#### Input data ####

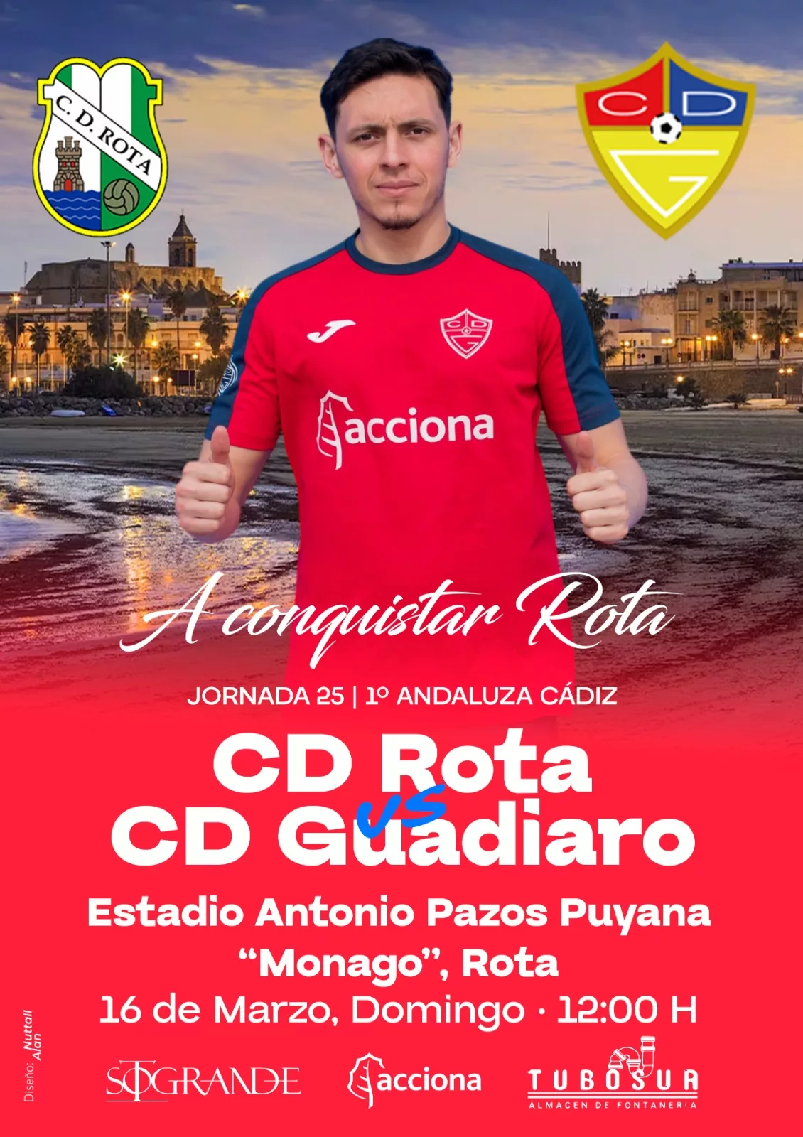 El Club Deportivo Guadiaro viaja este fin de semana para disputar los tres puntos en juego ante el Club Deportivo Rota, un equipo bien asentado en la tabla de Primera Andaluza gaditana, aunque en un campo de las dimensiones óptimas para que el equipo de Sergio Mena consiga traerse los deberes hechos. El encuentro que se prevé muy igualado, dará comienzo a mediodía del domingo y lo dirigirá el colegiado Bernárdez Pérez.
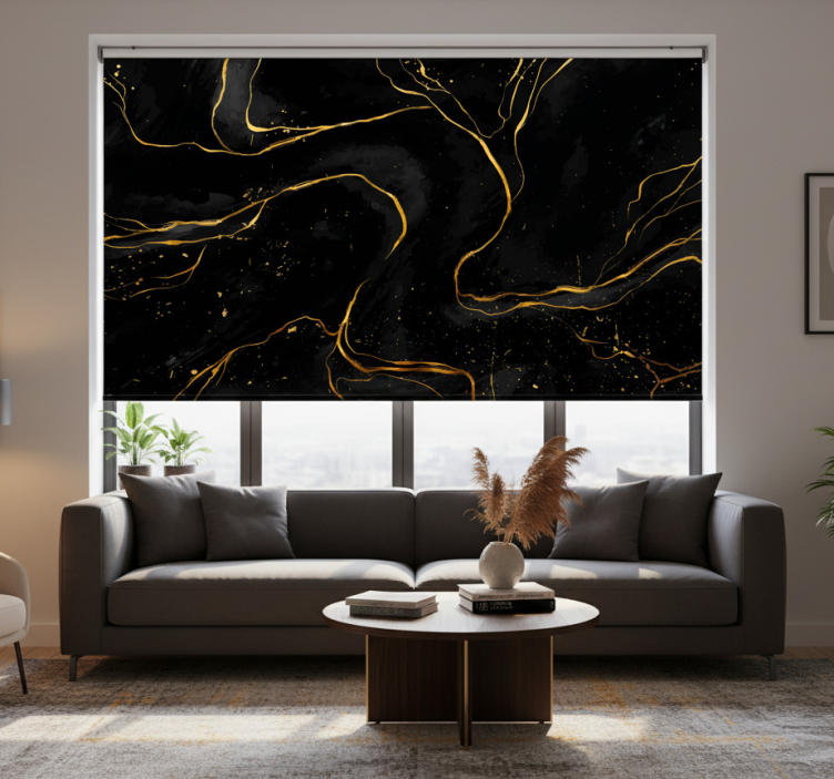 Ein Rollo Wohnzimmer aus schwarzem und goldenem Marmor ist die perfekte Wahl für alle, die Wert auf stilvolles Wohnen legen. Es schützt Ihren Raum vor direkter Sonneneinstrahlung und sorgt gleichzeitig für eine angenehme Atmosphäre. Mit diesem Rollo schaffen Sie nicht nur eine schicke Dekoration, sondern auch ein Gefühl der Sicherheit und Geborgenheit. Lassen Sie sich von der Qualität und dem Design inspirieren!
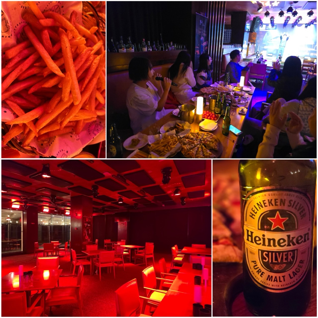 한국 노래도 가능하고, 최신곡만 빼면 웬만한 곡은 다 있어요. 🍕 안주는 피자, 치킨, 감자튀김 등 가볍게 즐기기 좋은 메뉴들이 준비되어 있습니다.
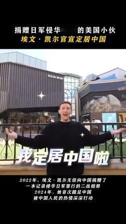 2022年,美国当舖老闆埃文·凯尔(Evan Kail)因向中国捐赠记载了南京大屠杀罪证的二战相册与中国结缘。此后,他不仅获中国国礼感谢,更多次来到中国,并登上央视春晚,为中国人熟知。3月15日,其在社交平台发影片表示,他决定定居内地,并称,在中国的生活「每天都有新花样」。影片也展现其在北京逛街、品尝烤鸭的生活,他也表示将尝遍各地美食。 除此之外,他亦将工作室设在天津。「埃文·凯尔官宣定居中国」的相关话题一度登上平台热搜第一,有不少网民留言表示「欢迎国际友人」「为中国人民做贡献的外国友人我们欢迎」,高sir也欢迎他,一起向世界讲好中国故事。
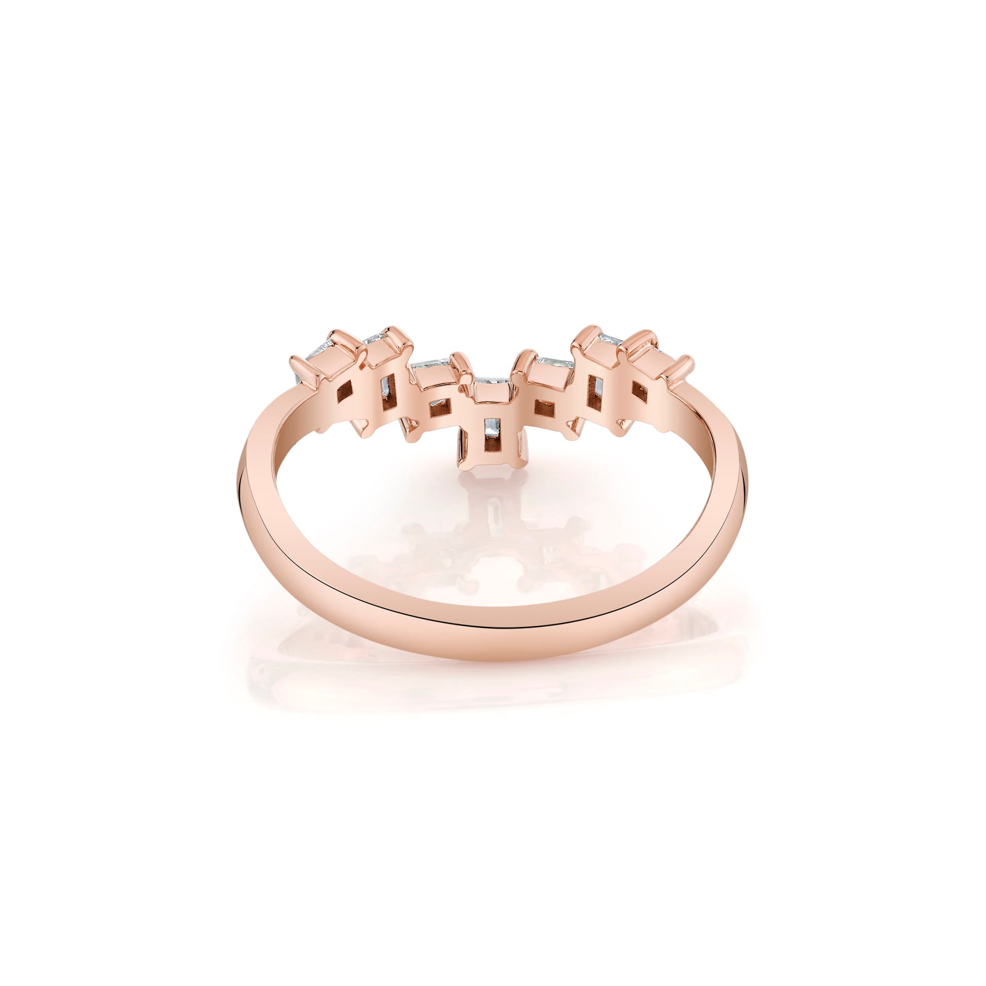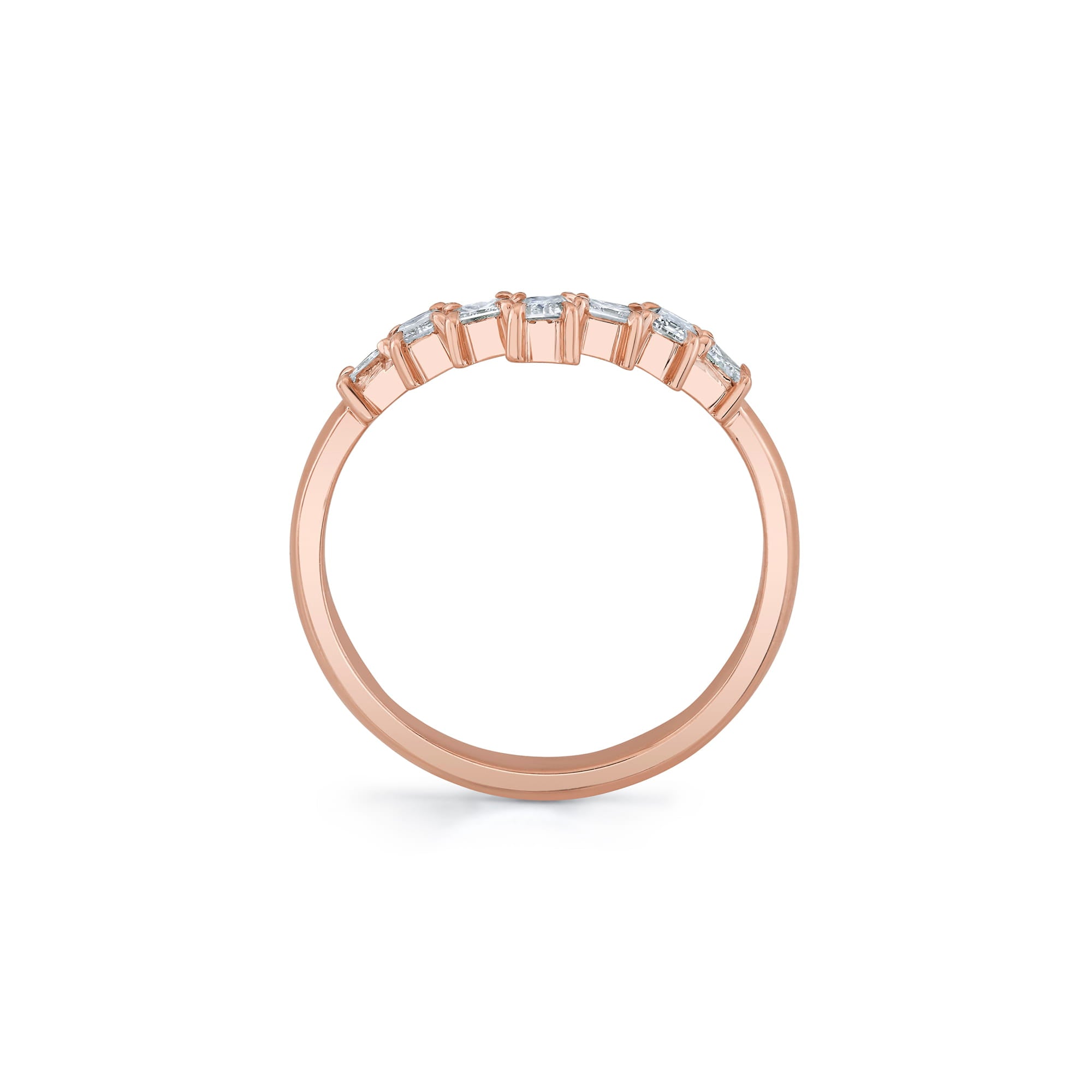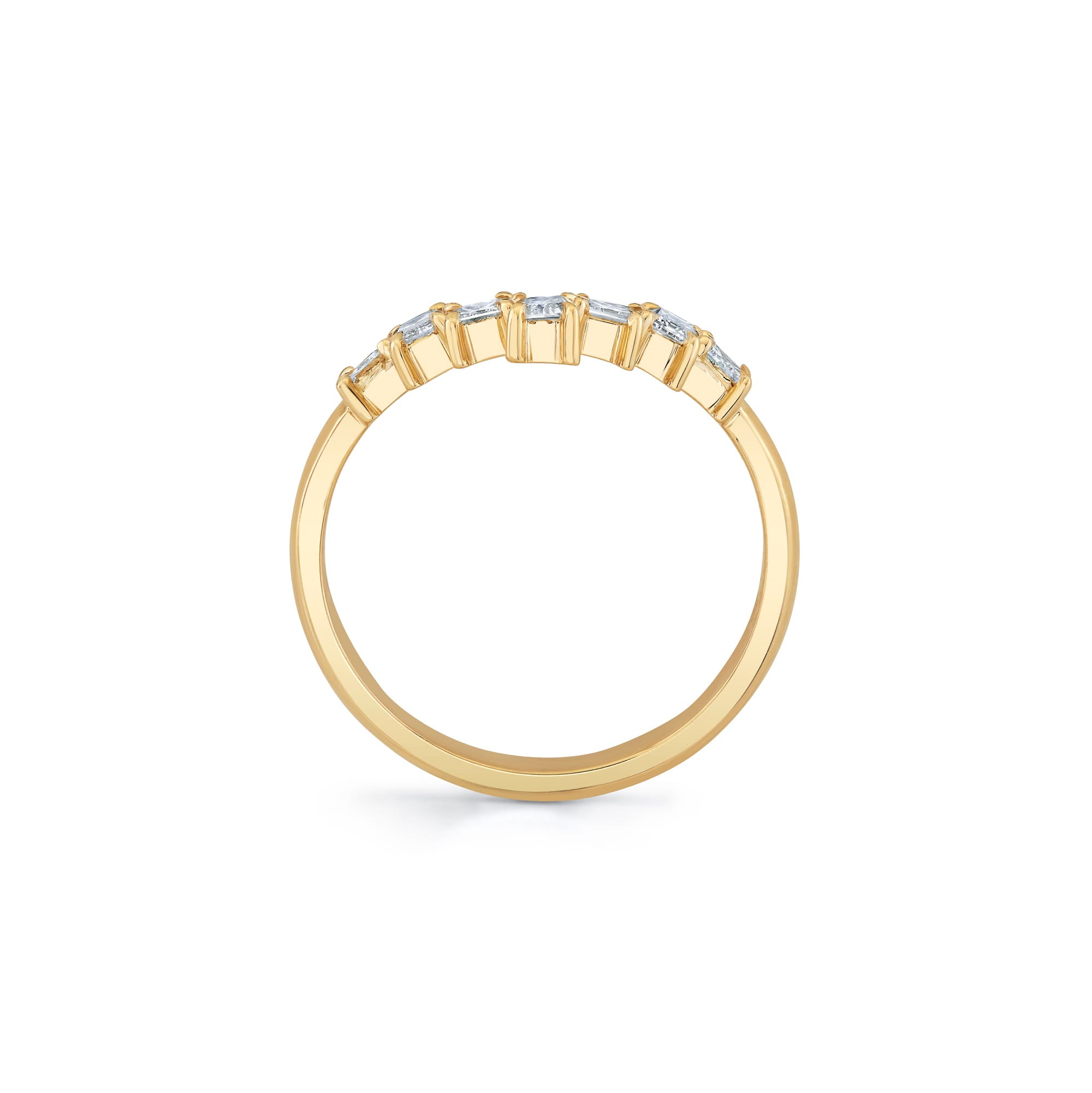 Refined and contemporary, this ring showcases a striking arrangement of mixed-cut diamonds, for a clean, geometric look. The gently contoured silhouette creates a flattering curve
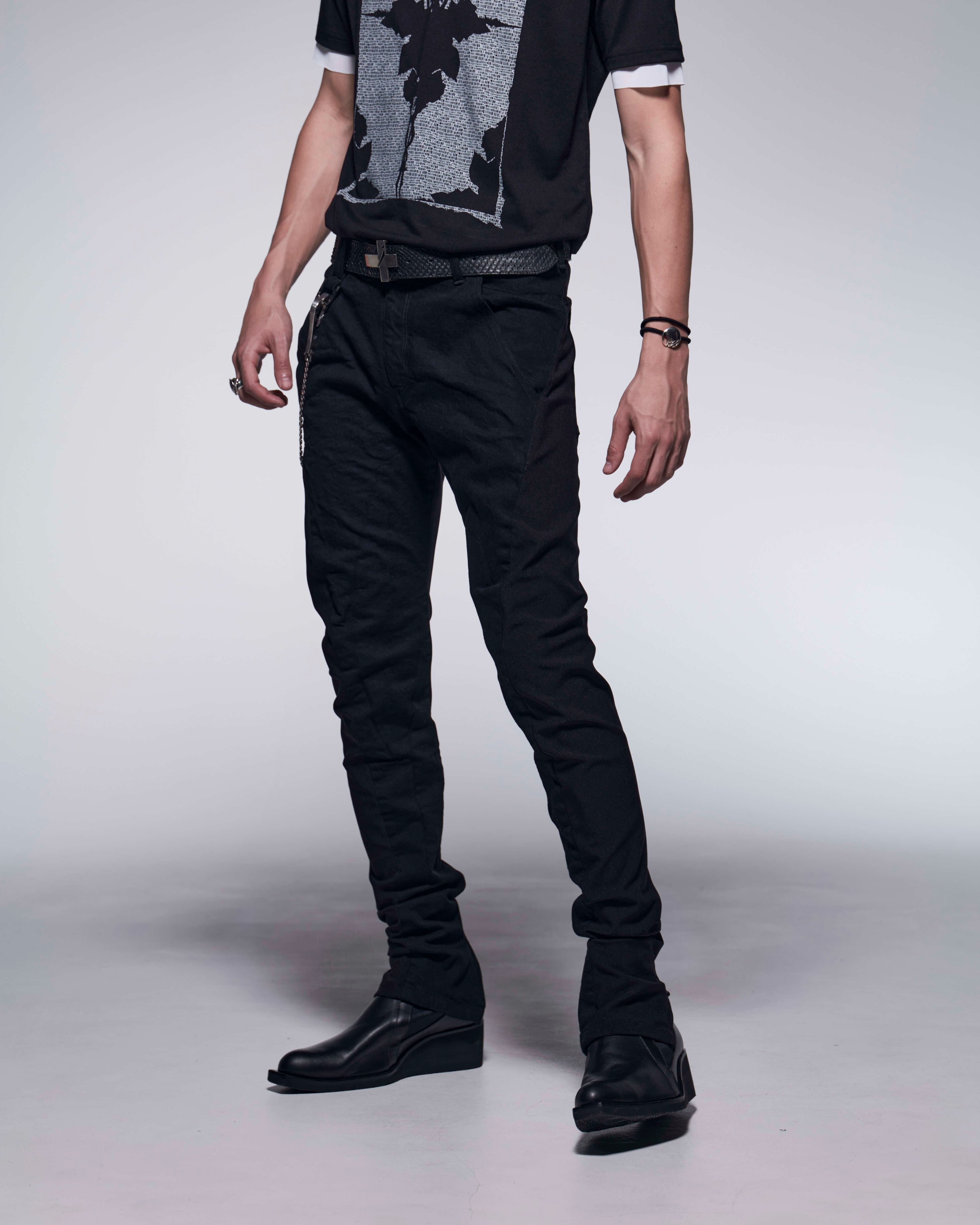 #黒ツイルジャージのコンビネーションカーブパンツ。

####

• [Required action]
Please print every record exactly as written, without the pictures.

• [Task result]
 El Club Deportivo Guadiaro viaja este fin de semana para disputar los tres puntos en juego ante el Club Deportivo Rota, un equipo bien asentado en la tabla de Primera Andaluza gaditana, aunque en un campo de las dimensiones óptimas para que el equipo de Sergio Mena consiga traerse los deberes hechos. El encuentro que se prevé muy igualado, dará comienzo a mediodía del domingo y lo dirigirá el colegiado Bernárdez Pérez.
 Ein Rollo Wohnzimmer aus schwarzem und goldenem Marmor ist die perfekte Wahl für alle, die Wert auf stilvolles Wohnen legen. Es schützt Ihren Raum vor direkter Sonneneinstrahlung und sorgt gleichzeitig für eine angenehme Atmosphäre. Mit diesem Rollo schaffen Sie nicht nur eine schicke Dekoration, sondern auch ein Gefühl der Sicherheit und Geborgenheit. Lassen Sie sich von der Qualität und dem Design inspirieren!
 한국 노래도 가능하고, 최신곡만 빼면 웬만한 곡은 다 있어요. 🍕 안주는 피자, 치킨, 감자튀김 등 가볍게 즐기기 좋은 메뉴들이 준비되어 있습니다.
 2022年,美国当舖老闆埃文·凯尔(Evan Kail)因向中国捐赠记载了南京大屠杀罪证的二战相册与中国结缘。此后,他不仅获中国国礼感谢,更多次来到中国,并登上央视春晚,为中国人熟知。3月15日,其在社交平台发影片表示,他决定定居内地,并称,在中国的生活「每天都有新花样」。影片也展现其在北京逛街、品尝烤鸭的生活,他也表示将尝遍各地美食。 除此之外,他亦将工作室设在天津。「埃文·凯尔官宣定居中国」的相关话题一度登上平台热搜第一,有不少网民留言表示「欢迎国际友人」「为中国人民做贡献的外国友人我们欢迎」,高sir也欢迎他,一起向世界讲好中国故事。
 Refined and contemporary, this ring showcases a striking arrangement of mixed-cut diamonds, for a clean, geometric look. The gently contoured silhouette creates a flattering curve
 #黒ツイルジャージのコンビネーションカーブパンツ。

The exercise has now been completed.